- Emblem of Angola
- Appointer: President of the Republic of Angola
- Formation: 14 November 1975
- First holder: Lopo do Nascimento
- Final holder: Paulo Kassoma
- Abolished: 4 February 2010
- Succession: Vice President of Angola

= Prime Minister of Angola =

Former governmental position

The prime minister of Angola was a high government official in Angola re-established by Angola's 1992 constitution with limited powers as deputy head of government. The position was abolished by the 2010 constitution.

Along with the rest of the Council of Ministers, the prime minister was appointed by the president. The position was originally created when Angola achieved independence from Portugal on 11 November 1975, but was abolished in 1978 when President Agostinho Neto consolidated his power. There was no prime minister until 1991, when President José Eduardo dos Santos reinstated the position following a peace agreement with the opposition party.

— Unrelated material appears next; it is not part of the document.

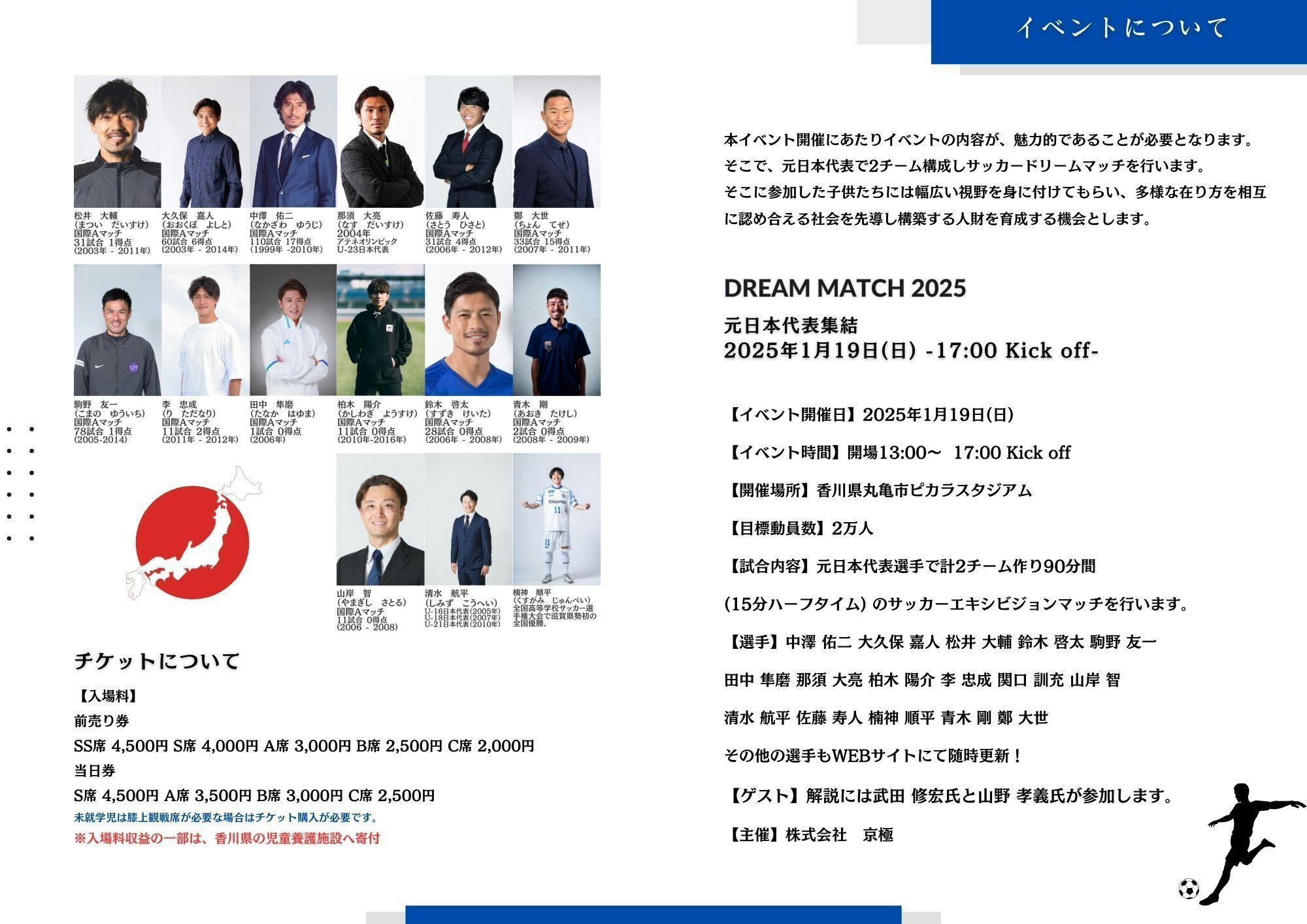 2025年1月19日に元日本代表が送るサッカーDREAM MATCHを多くの人に来場していただきです!!

Under the 1992 constitution, the position of prime minister was introduced as part of the Executive Branch. The prime minister was appointed by the president, with consultation from the legislature. The prime minister could be dismissed by the president. The prime minister's role, as laid out by the 1992 constitution, was to "direct, conduct and coordinate the general activity of the Government", and reported to the president.

The post was vacant between 1999 and 2002.

The post was again abolished in the 2010 constitution, which the replaced the prime minister position with a vice-president instead. The functions of the prime minister were integrated into the office of the president, who is appointed via the legislative elections, but is not subject to the confidence of the parliamentary majority like a prime minister is.